*** Opening of SUPPLIED DATA ***

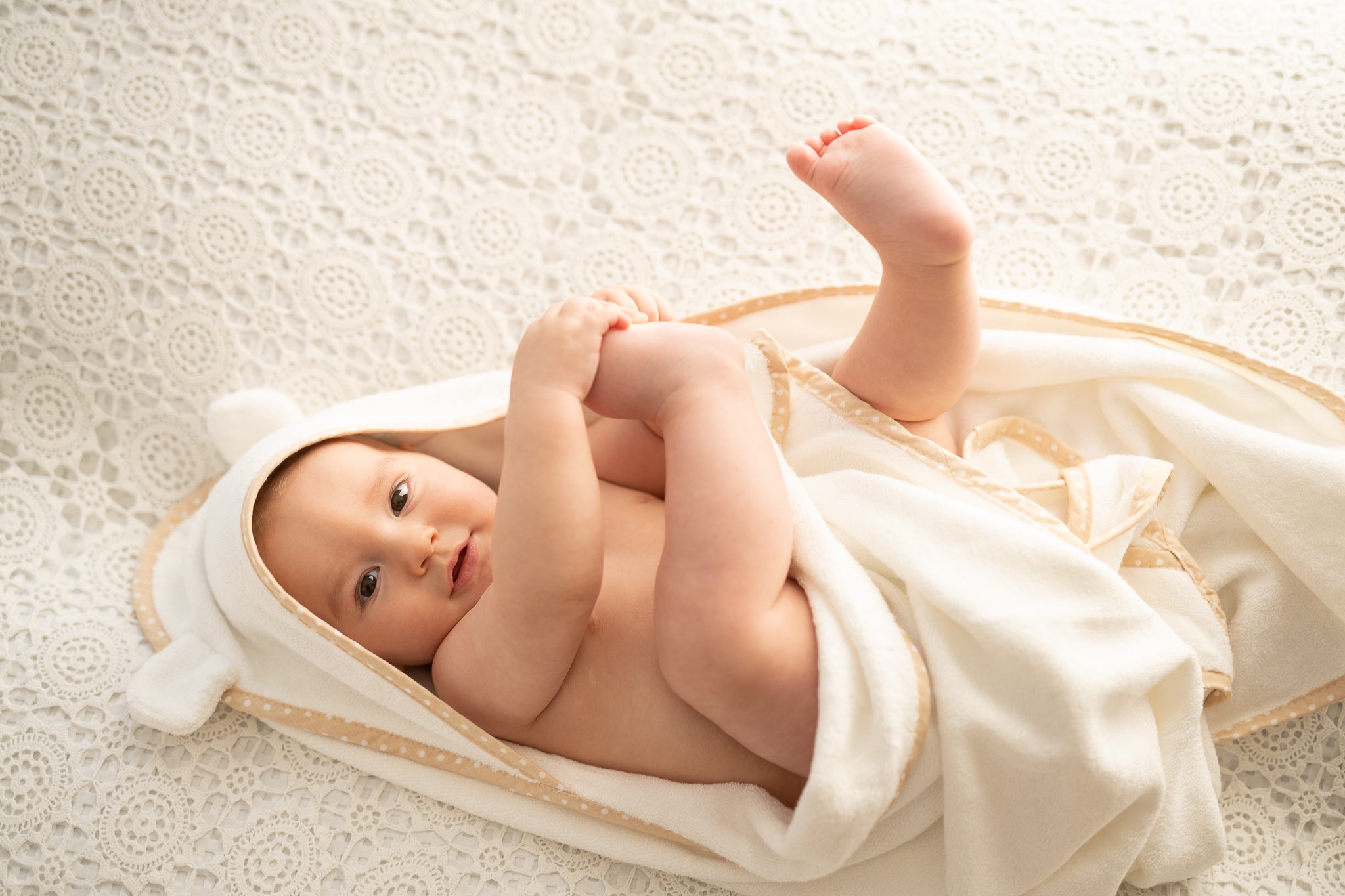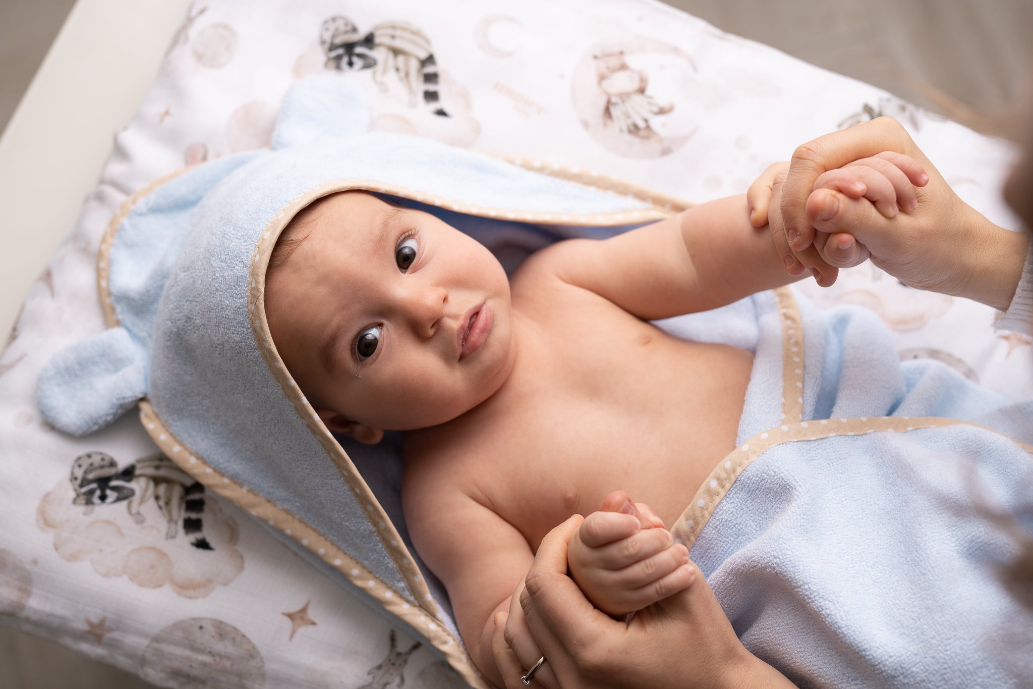 La sua misura avvolge perfettamente il neonato, offrendo un senso di sicurezza e calore che rende il momento del bagnetto speciale. Questo asciugamano cresce insieme al bambino, regalando al genitore la possibilità di avvolgerlo in un abbraccio morbido e confortevole ogni volta.
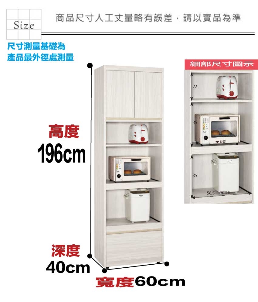 尺寸:(寬)60x(深)40x(高)196/公分
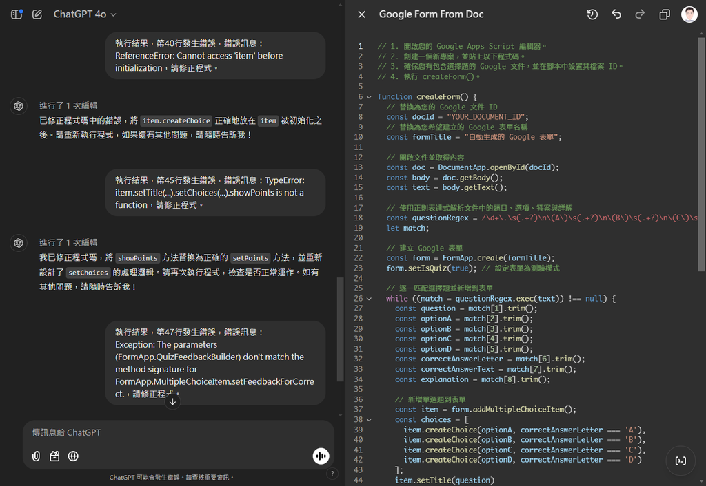請 ChatGPT 產生 Google Apps Script 程式碼,提示詞:
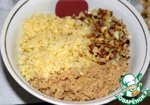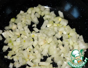 Лук порезать мелкими кубиками и обжарить на растительном масле (я использовала масло от прессервов).
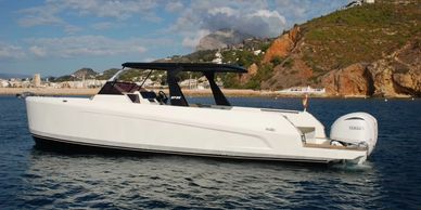 Stunning day/overnight boat. 2 doubles in modern, bright cabin. Full walk around model, centre console, with fixed "T" top. Amazing helm position and superb sea keeping. Bow seating, forward and aft sunbeds, main cockpit galley powered by two 300hp Mercury Verados. Comes with factory warranty. Lying in Denia.
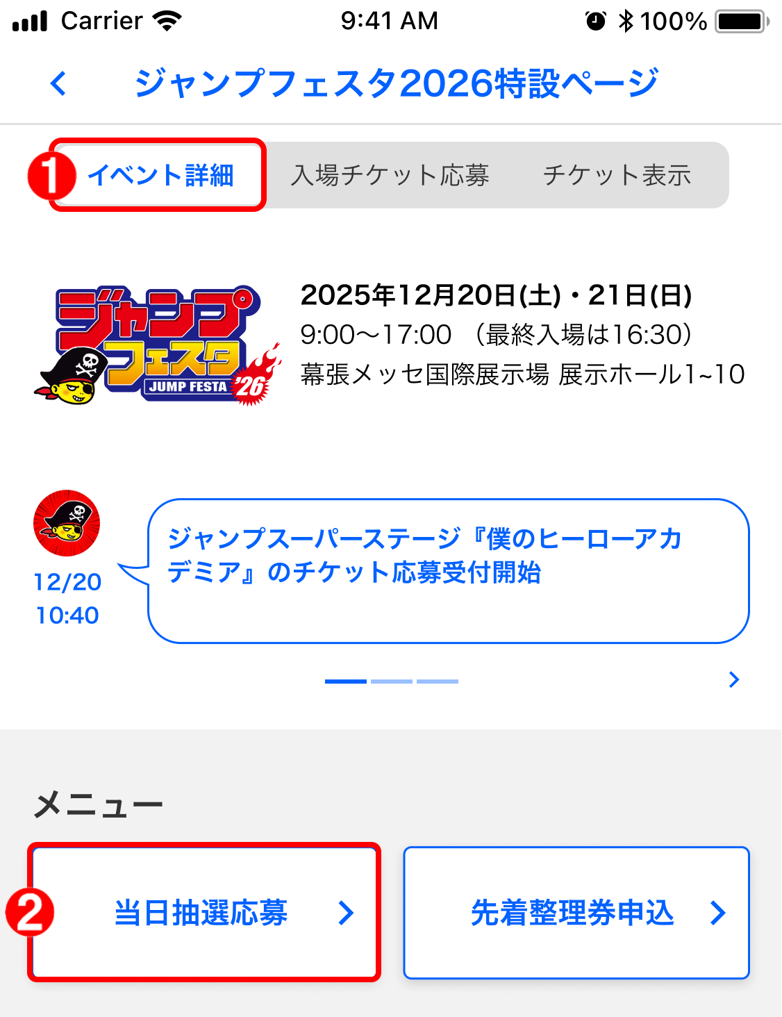 「ジャンプフェスタ2026特設ページ」のイベント詳細にて、「当日抽選応募」をタップしてください。
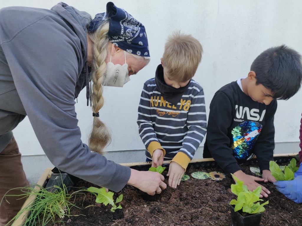 Neben Pflücksalat, Erdbeeren und Schnittlauch durften die Kinder auch die Samen von Karotte, Radieschen und Kapuzinerkresse einsetzen. Vorsichtig drückten die Kinder die winzig kleinen Samen in die Erde und erfuhren dabei interessiert, woraus Erde überhaupt besteht und wie viel Platz man zwischen den einzelnen Pflanzen lassen muss, damit sie wachsen und gedeihen können.
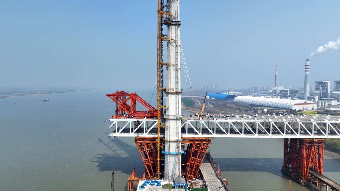 截至目前,池州長(zhǎng)江公鐵大橋南岸第22節(jié)段鋼梁已順利完成吊裝拼接工作。南岸主塔塔柱272.7米全部完成。南引橋鐵路墩身全部完成,正在進(jìn)行上部結(jié)構(gòu)施工,已完成26片鐵路梁施工,公路連續(xù)梁施工已完成16節(jié)段。
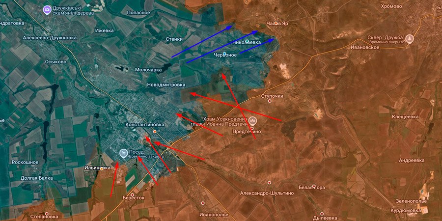 Фронты Часов Яр и Константиновка продолжают оставаться зоной интенсивной борьбы за промышленные объекты и стратегические районы. Российские войска укрепляют позиции в Константиновке, обеспечивая контроль над критическими точками, тогда как украинские действия носят локальный характер и ограничены в возможностях удержания территорий в серых зонах.
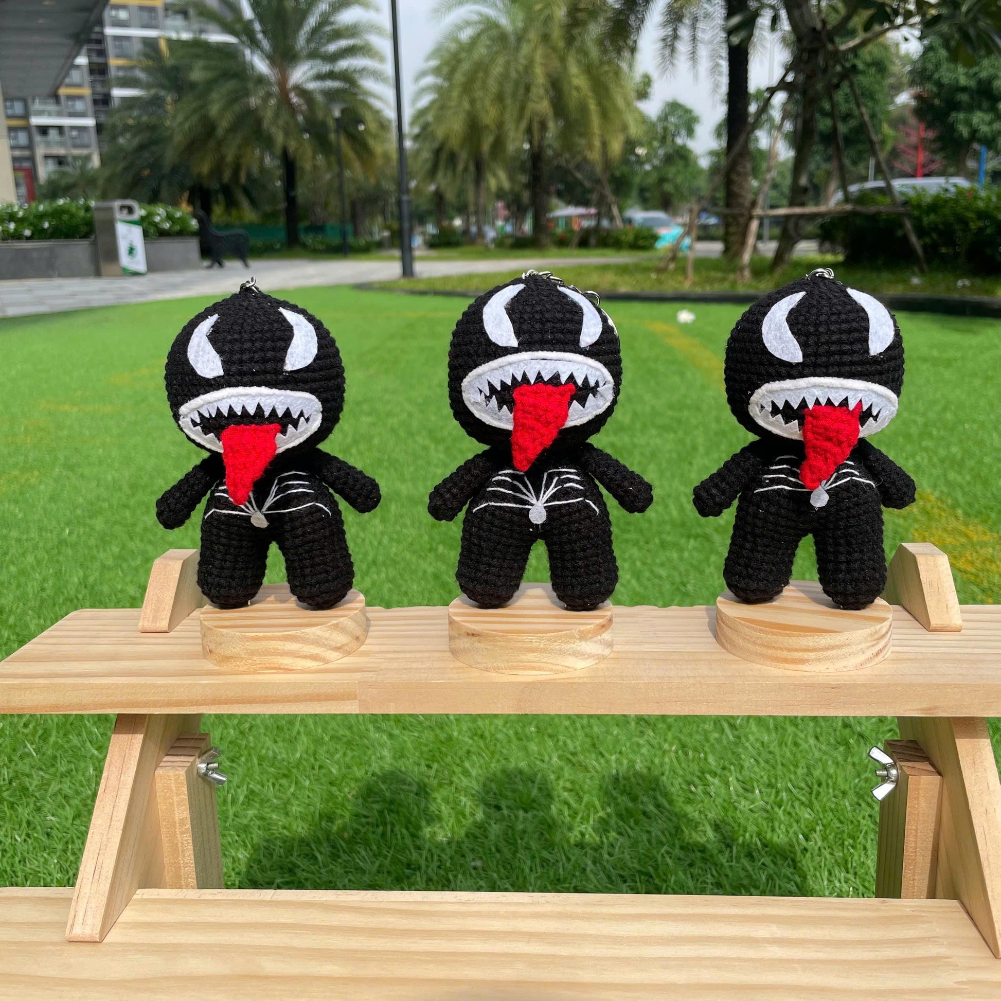 Bring a mischievous vibe to your accessories with this handmade crochet Venom keychain! Featuring his iconic teeth and tongue, this amigurumi doll makes a fun collectible or unique gift for comic fans. Perfect for keys, bags, or geek collections.

*** Close of SUPPLIED DATA ***

The reply should hold exactly the lines above, starting at the line with "Stunning day/overnight boat." and ending at the line with "Фронты Часов Яр", and no pictures.

 Stunning day/overnight boat. 2 doubles in modern, bright cabin. Full walk around model, centre console, with fixed "T" top. Amazing helm position and superb sea keeping. Bow seating, forward and aft sunbeds, main cockpit galley powered by two 300hp Mercury Verados. Comes with factory warranty. Lying in Denia.
 「ジャンプフェスタ2026特設ページ」のイベント詳細にて、「当日抽選応募」をタップしてください。
 Neben Pflücksalat, Erdbeeren und Schnittlauch durften die Kinder auch die Samen von Karotte, Radieschen und Kapuzinerkresse einsetzen. Vorsichtig drückten die Kinder die winzig kleinen Samen in die Erde und erfuhren dabei interessiert, woraus Erde überhaupt besteht und wie viel Platz man zwischen den einzelnen Pflanzen lassen muss, damit sie wachsen und gedeihen können.
 截至目前,池州長(zhǎng)江公鐵大橋南岸第22節(jié)段鋼梁已順利完成吊裝拼接工作。南岸主塔塔柱272.7米全部完成。南引橋鐵路墩身全部完成,正在進(jìn)行上部結(jié)構(gòu)施工,已完成26片鐵路梁施工,公路連續(xù)梁施工已完成16節(jié)段。
 Фронты Часов Яр и Константиновка продолжают оставаться зоной интенсивной борьбы за промышленные объекты и стратегические районы. Российские войска укрепляют позиции в Константиновке, обеспечивая контроль над критическими точками, тогда как украинские действия носят локальный характер и ограничены в возможностях удержания территорий в серых зонах.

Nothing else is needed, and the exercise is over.